Именно тогда, в тот миг, в объятиях Арройо, Гарриет уже ненавидела Арройо прежде всего за это: она узнала этот мир, но не могла стать его частью, а он это знал и все же предлагал его ей, дал вкусить от него, зная, что ничто не может соединить их навсегда, и, может быть, даже издевался над ней, спрашивая: «Ты не жалеешь, что приехала сюда, грингита?» — и она отвечала «нет»; «Тебя тут не обижают?» — и она отвечала «нет»; «Ты хочешь сейчас вернуться назад, на границу, в сопровождении моих людей?» — и она отвечала «нет»; «Ты останешься со мной навсегда? Я брошу Луну, а ты поедешь со мной встретить моего незнакомого брата в Юкатане, убившего моего отца?» — и она отвечала «нет, нет, нет». «А если мы будем жить вместе и народим сыновей, и поженимся, и вместе состаримся, грингита?»

— Нет.

— Боишься, что шальная пуля меня прикончит?

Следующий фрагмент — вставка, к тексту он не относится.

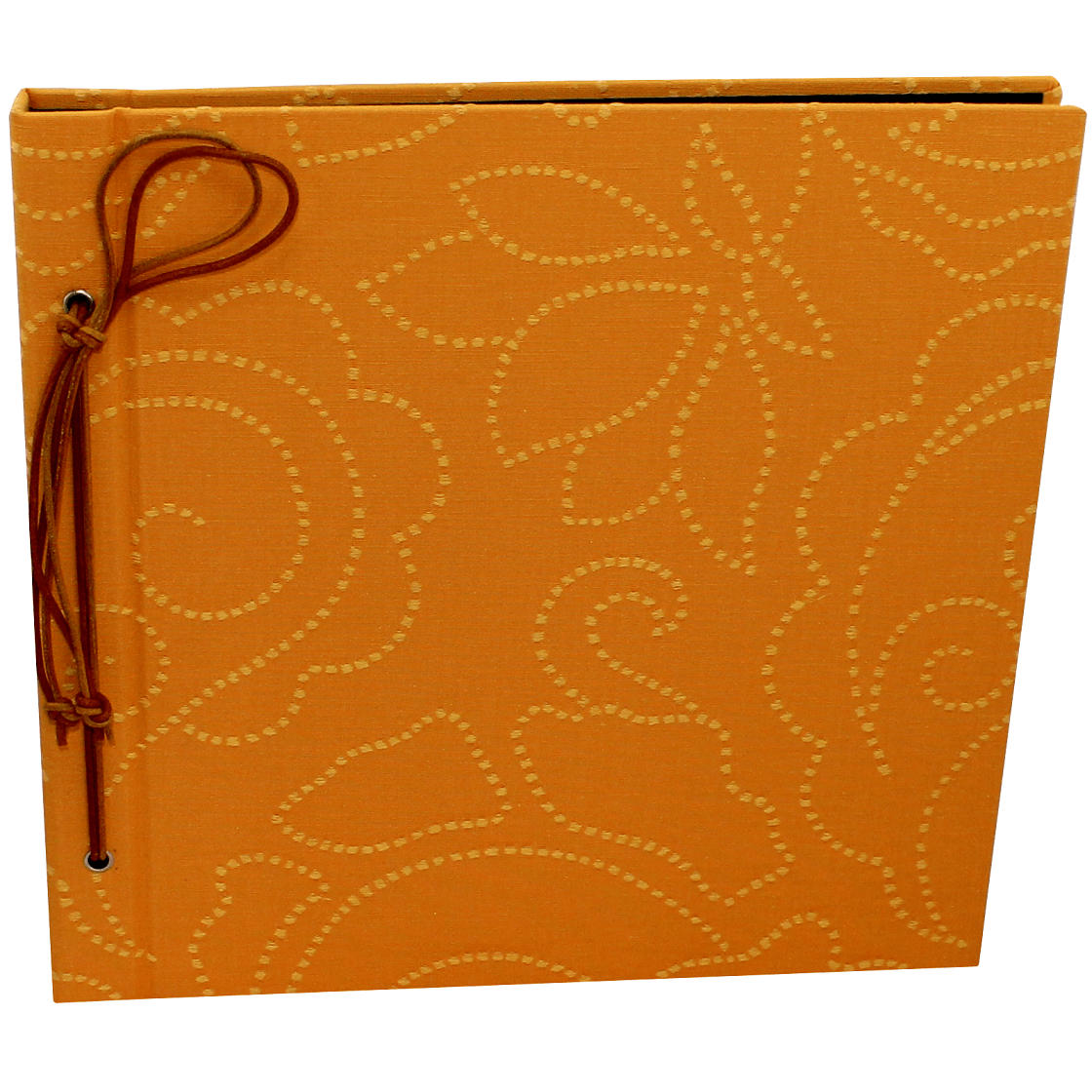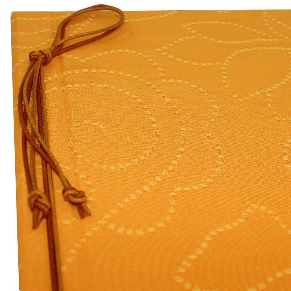Das wunderschöne Fotoalbum mit Kordelbindung Lara Orange besticht durch seinen farbenfrohen Einband aus edlem Baumwollstoff mit orangen Stickereien, die in gepunkteten Linien ein elegantes Blumenmuster stilisieren.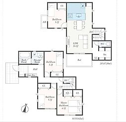 - 「建築条件付き土地」の「建物プラン例」は、土地購入者の設計プランの一例であり、プランの採用可否は任意です。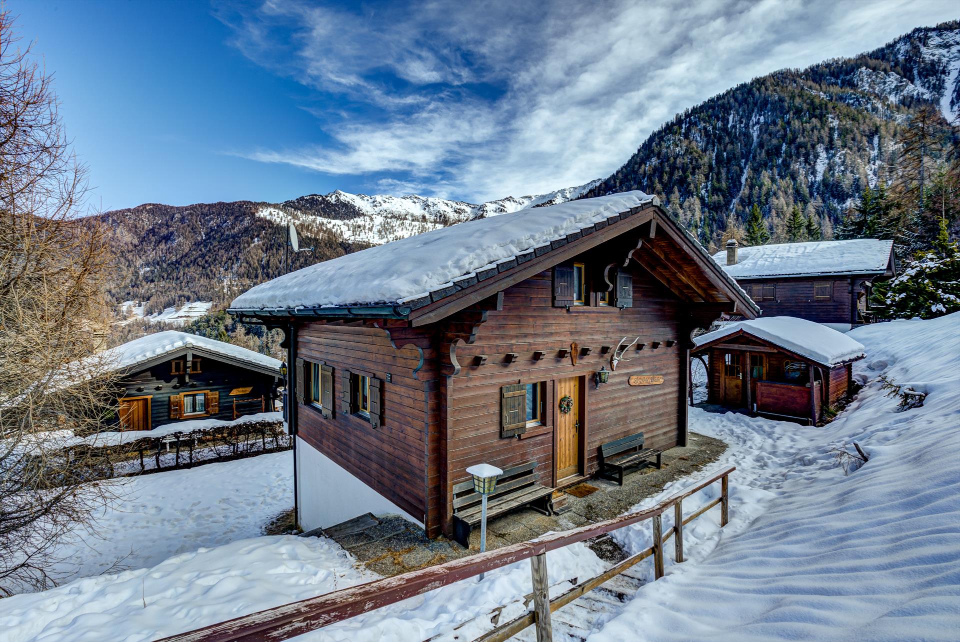 There is a single, reserved parking space at the top of the chalet access steps, and a second, reserved parking space in the shared car park underneath the apartment building opposite. Additional parking spaces are available in the free outdoor public car park 350m up the road. Winter tyres and/or snow chains necessary to reach the village and the apartment in winter due to frequent snowfalls and a steep driveway, however chains must be removed before entering the car park underneath the apartment building. Access to the chalet is via outdoor steps leading down through a garden area to the chalet. Car not strictly necessary due to proximity to ski-lifts, restaurants and supermarket - contact us for airport or railway transfers.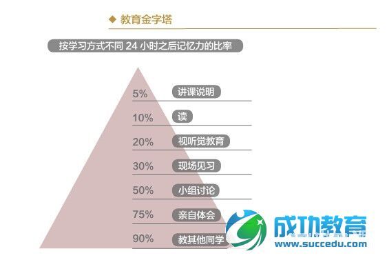 韩国中小学在推行翻转课堂过程中研究发现,学生单纯的通过听、读音在24小时后记忆剩下的比例在10%内,然而,与同学进行小组讨论后对知识的掌握记忆比例占50 % ,教其他同学时占90%。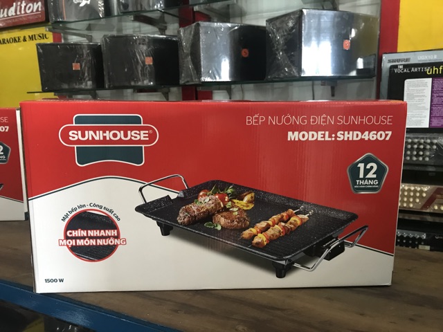 Bếp nướng sunhouse 4607 . Là dòng bếp có men chống dín tốt . Nướng không khói . Và bên dưới là inox sáng cao cấp . Bếp có thiết kế miệng rót mỡ thừa . Tự ngắt khi qúa tải nhiệt . Dể dàng vệ sinhGiá XDAG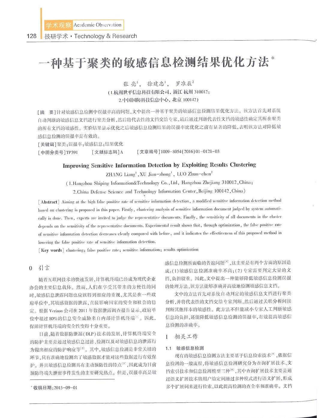 一种基于聚类的敏感信息检测结果优化方法—发表于《信息安全与通信保密》2016.1

— Нет. Боюсь, что ты можешь кого-нибудь прикончить.

— Твоего гринго, а?

— И себя самого, Арройо. Боюсь того, что ты сделаешь сам с собой.

— Поверь, гринга, сейчас я — это почти не я. Ведь я скор на дела и умею драться, как ты видела. Теперь же я застрял в доме, который был моим прошлым. Прошлого больше нет. Я это понял. Нам надо идти дальше. Движение не кончилось.

— Ты ослушался приказа, так долго оставаясь здесь, в усадьбе?

— Нет. Я сражаюсь. И сам отдаю приказы. Но, — засмеялся Арройо, — Панчо Вилья ненавидит всякого, кто хочет вернуться домой. Такое он считает почти за измену. Конечно, я рисковал, когда взял усадьбу Миранды и задержался тут.

Он шел к югу, к городу Мехико, на встречу со своим братом, убившим его отца.

Она не шла никуда.

— Я не могу, — сказала Гарриет с горечью. — Ты предлагаешь мне стать такой, какой я никогда не смогу быть.

И этого Гарриет Уинслоу никогда не простила Томасу Арройо.

Ей захотелось в конечном итоге протянуть свою руку, положить ее на веснушчатую, худую, с тяжелым обручальным кольцом руку старика и сказать ему: то, что она сделала, не было местью за него, а расплатой с Арройо за ту беду, которую он навлек на нее, ибо знал, что она никогда не будет такой, какой — это он ей показал — она могла бы быть. Тогда она, обреченная на возвращение домой с трупом старого гринго, должна была показать Арройо, что никому не дано вернуться к истинно родному дому.

И тем не менее Гарриет Уинслоу знала — она сказала это бродячему писателю, ласково поглаживая его пальцы, покрытые белыми волосками, — что не наказала Арройо, а лишь принесла ему победу героя, молодую смерть. И старый гринго тоже получил свое: он ведь приехал в Мексику умирать. Да, старик, ты сделал по-своему — стал хорошо выглядящим трупом. Да, генерал Арройо, ты сделал по-своему — умер во цвете лет. Эх, старость. Эх, молодость…

Она сидит одна и предается воспоминаниям.

От автора

В 1913 году американский писатель Амброз Бирс, мизантроп, журналист из концерна Херста и автор прекрасных рассказов эпохи Гражданской войны в Северной Америке, простился в письмах со своими друзьями, отрекшись от своей признанной силы духа, сказав, что стал стар и устал.

Однако во всех письмах он оставлял за собой право решить, какой смертью он умрет. Болезнь и несчастный случай он считал недостойной кончиной. Напротив, быть поставленным к стенке в Мексике… «О, — написал он в своем последнем письме, — быть гринго в Мексике — это значит легко умереть».

Он въехал в Мексику в ноябре, и больше о нем никто и ничего не слышал. Остальное — вымысел.

Эта книга была начата в поезде между Чиуауа и Сакатекасом в 1964 году и окончена в Тепостлане (штат Морелос) в 1984 году, в доме Антонио и Франчески Сальдивар на пишущей машинке художника Мариано Риверы Веласкеса.